Russia won a total of 81 medals at the London Games — third-most among all countries — including 18 in track and field. A year later, it led all nations with seven gold medals at the 2013 World Track and Field Championships — the same year in which WADA reported that Russian athletes accounted for 225 doping violations, the most in the world, including 42 violations in track and field.
The report recommended lifetime bans for five Russian coaches and five athletes — including Mariya Savinova and Ekaterina Poistogova, the gold and bronze medalists from the women’s 800 meters at the London Games, respectively. The IAAF could strip the implicated Russian athletes of their medals in the coming months.
American Alysia Montaño, who finished fifth in the 800 meters at London — bumped off the medal stand by the two now-tainted Russians — said the prospect of receiving the bronze medal she was denied in London has left her with a mixture of relief, joy, frustration and sadness.
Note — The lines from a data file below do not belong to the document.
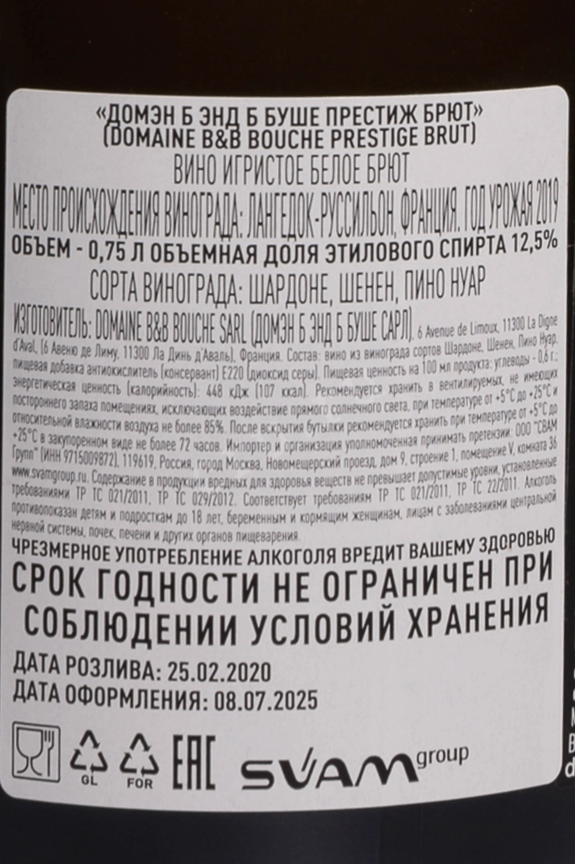 Игристое вино Domaine B&B Bouche Cremant Prestige Brut 2019 года 0,75 л относится к классическому стилю креманов юга Франции. Он сдержанный, сухой, с выраженной свежестью и тонкой гастрономичностью. Виноград был выращен в апелласьоне Лиму в регионе Лангедок-Руссильон, на виноградниках, расположенных примерно на высоте 500 метров над уровнем моря. Такое местоположение обеспечивает прохладные ночи и медленное созревание ягод, что сохраняет кислотность и ароматическую чистоту. 2019 год считается благоприятным для виноделов региона. Лето было теплым и стабильным, без экстремальной жары, а сбор прошёл в оптимальные сроки. Вино произведено традиционным методом с вторичной ферментацией в бутылке. После брожения оно выдерживалось на осадке около 60 месяцев, что редкость для кремана и придаёт вкусу глубину и сложность. Домэн Б энд Б Буше Престиж Брют выпускается в ограниченном объёме и ценится за длительную выдержку и точный баланс, что выделяет его среди других креманов апелласьона.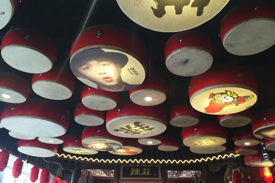 近1000平米的門臉面積,3層樓高的高度,即使立在簋街也相當扎眼。將此門面化整為零分割區(qū)域,把辣擎火鍋的標簽掛出來,“穿越文化老火鍋”“中國十大麻辣火鍋”“一次性用油老火鍋”。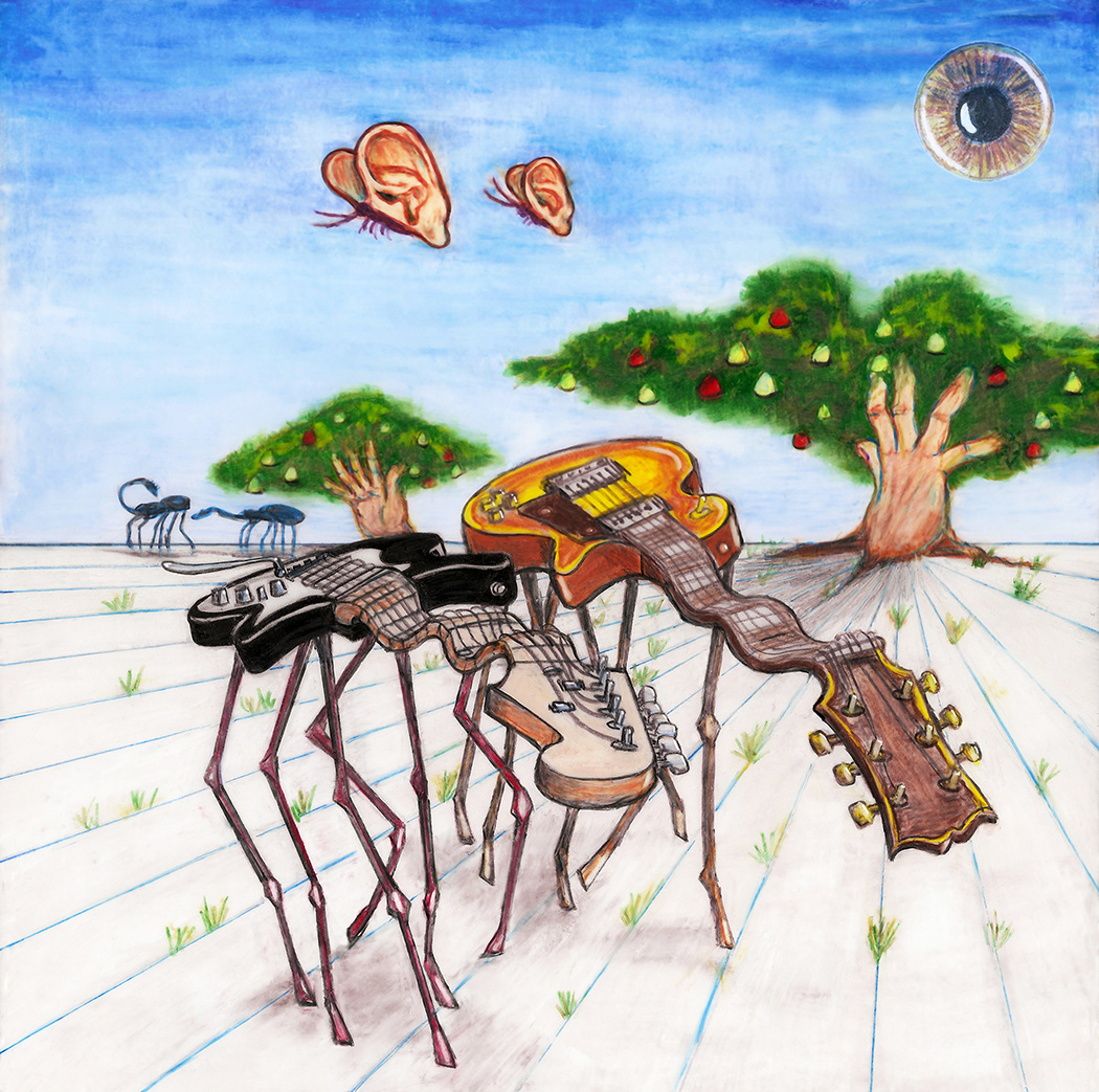 Dali-esque Guitars. Prismacolor pencil on frosted drafting film. Created as a gift.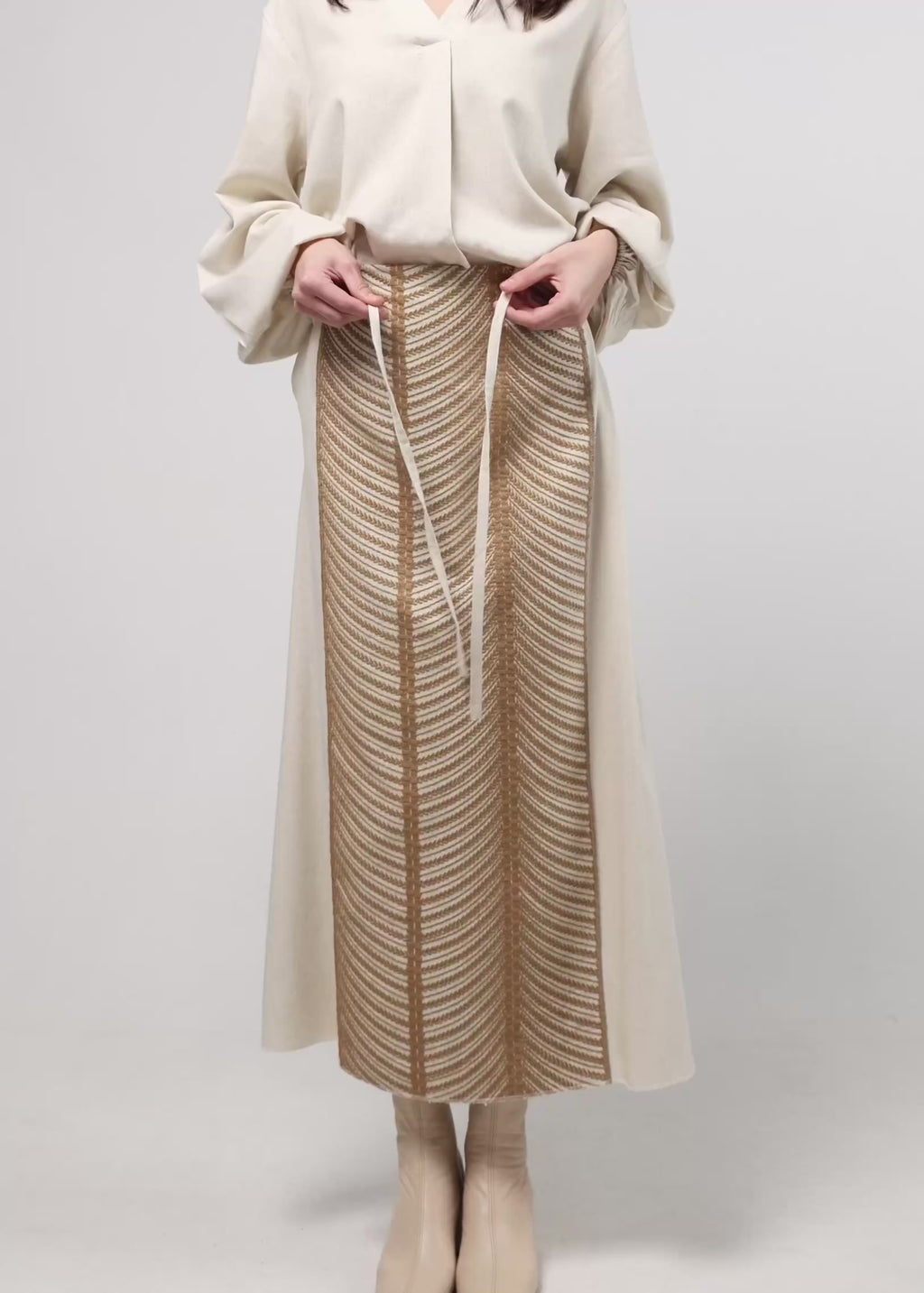 A linen midi skirt detailed with intricate embroidery that creates a refined, textured finish. Paired with a v neck linen top.

“It’s actually incredibly painful just to think about that moment, those moments lost,” Montaño said in a telephone interview. “I can’t get that back. Of course I want what’s mine. At the same time, it’s incredibly saddening.”
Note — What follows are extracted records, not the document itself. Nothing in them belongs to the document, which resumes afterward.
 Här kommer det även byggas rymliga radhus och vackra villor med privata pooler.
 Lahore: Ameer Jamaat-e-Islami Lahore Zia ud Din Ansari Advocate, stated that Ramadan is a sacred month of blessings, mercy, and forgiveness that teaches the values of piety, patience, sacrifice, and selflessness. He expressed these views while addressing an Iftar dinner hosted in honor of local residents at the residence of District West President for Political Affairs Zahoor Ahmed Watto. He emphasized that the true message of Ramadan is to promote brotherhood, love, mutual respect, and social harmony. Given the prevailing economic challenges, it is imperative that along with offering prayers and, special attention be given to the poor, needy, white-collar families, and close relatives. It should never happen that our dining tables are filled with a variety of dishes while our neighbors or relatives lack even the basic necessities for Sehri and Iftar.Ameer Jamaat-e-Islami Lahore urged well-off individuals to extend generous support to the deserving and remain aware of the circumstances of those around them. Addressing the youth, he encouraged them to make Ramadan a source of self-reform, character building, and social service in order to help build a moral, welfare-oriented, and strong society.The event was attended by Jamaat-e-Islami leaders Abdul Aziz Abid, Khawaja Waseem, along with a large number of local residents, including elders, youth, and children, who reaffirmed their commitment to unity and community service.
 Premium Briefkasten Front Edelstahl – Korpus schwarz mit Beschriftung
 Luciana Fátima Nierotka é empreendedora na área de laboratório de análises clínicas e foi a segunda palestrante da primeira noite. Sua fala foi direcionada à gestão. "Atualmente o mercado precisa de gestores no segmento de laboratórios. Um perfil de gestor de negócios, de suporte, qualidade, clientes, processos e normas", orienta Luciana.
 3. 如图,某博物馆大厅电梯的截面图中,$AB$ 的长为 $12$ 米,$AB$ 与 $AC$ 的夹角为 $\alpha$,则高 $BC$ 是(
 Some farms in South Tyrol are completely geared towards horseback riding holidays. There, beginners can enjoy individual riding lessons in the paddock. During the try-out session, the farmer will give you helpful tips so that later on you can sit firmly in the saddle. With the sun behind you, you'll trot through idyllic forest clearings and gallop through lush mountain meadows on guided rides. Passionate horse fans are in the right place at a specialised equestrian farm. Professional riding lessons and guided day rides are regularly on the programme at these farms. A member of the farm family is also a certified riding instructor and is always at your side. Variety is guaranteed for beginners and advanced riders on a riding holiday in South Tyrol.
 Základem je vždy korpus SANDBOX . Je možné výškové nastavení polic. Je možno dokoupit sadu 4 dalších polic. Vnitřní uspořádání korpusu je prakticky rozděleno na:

Russia is in the midst of a period of sustained visibility within international sports, having hosted the aforementioned 2013 World Track and Field championships in Moscow and 2014 Winter Games in Sochi, as well as the 2015 FINA World Aquatic Championships in Kazan.
In 2018, Russia will host the coveted FIFA World Cup, winning a closely watched bid process that has come under scrutiny in recent months amid a widespread corruption scandal within FIFA. Mutko, the Russian sports minister accused in Monday’s WADA report of ordering lab personnel to manipulate test samples, is also a member of FIFA’s executive committee and the head of the 2018 World Cup organizing committee.
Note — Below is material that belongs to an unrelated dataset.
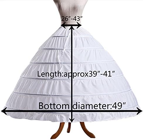 【مقاس التنورة الداخلية من القرينول】: طول التنورة بالكامل حوالي 100 ± 5 سم. الحد الأقصى لقطر الدائرة هو 124 سم / 49 بوصة. خصر التنورة الداخلية المرنة من القرينولين هو 66-95 سم / 26-39.3 بوصة، مناسب لفستان الحفلة بمقاسات أمريكية من 2 إلى 17.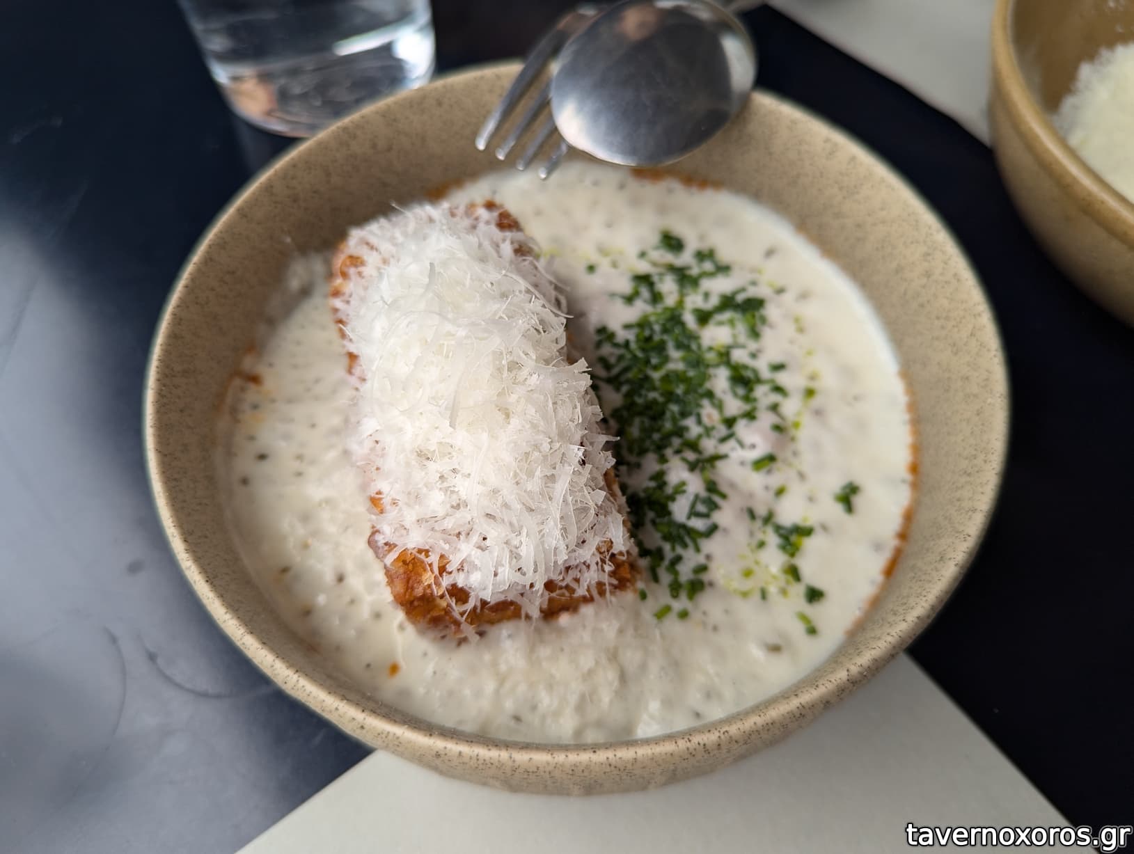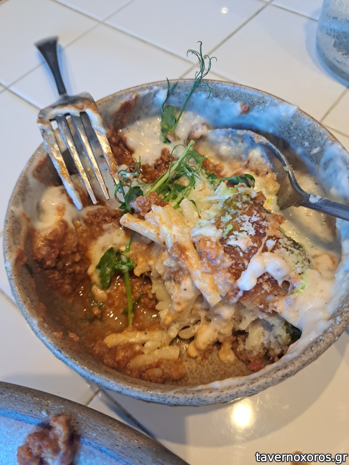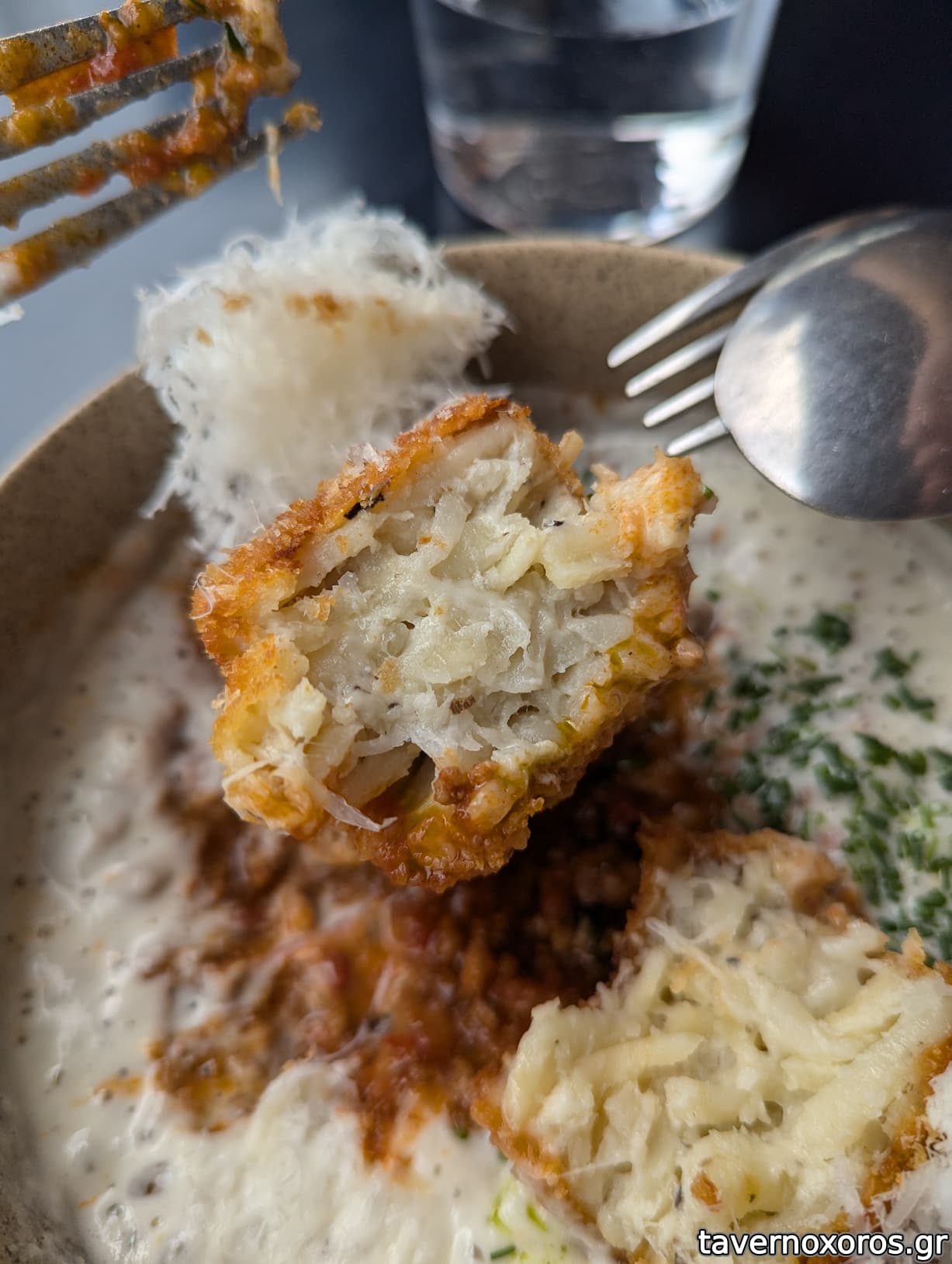 "Παστίτσιο croquette / iberico bolognese / αφρός παρμεζάνας / άρωμα τρούφας" (αδιάφορο)

“The credibility of sport has taken some body blows over the last few months,” Pound said Monday. “The public view will move towards believing all sport is corrupt. If you can’t believe results, then there is a serious credibility problem. I hope all sports will look at their governance and their anti-doping systems, because their existence may be at risk.”
The IAAF itself was implicated in the report, along with the Russians, for what its authors called a “collective and inexplicable laissez-faire policy” toward pursuing doping suspicions. The report’s findings have spurred at least two criminal inquiries. French authorities said they are investigating Lamine Diack, the Senagalese former head of the IAAF, track and field’s governing body, for allegedly accepting bribes that allowed tainted Russian athletes to compete, while Interpol said Monday that it had opened a global investigation into doping allegations in Russia and beyond.
Britain’s Sebastian Coe, a former Olympic gold medalist and now the president of the IAAF, said in a statement that he had “taken the urgent step of seeking approval from his fellow IAAF Council Members to consider sanctions against” the Russian federation. The IAAF, Coe told reporters, has given the Russian federation until the end of the week to respond to the allegations
Monday’s report credited German television station ARD with spurring the WADA investigation by airing a documentary, “Top Secret Doping: How Russia Makes Its Winners,” in December 2014.
The WADA commission launched almost immediately, and according to its report Monday, so did Russia’s cover-up: The destruction of the 1,417 test samples, allegedly ordered by Rodchenko, the Russian anti-doping head, occurred in December, three days before WADA investigators were due to visit the lab
Andrew Roth in Moscow and Adam Kilgore in Washington contributed to this report.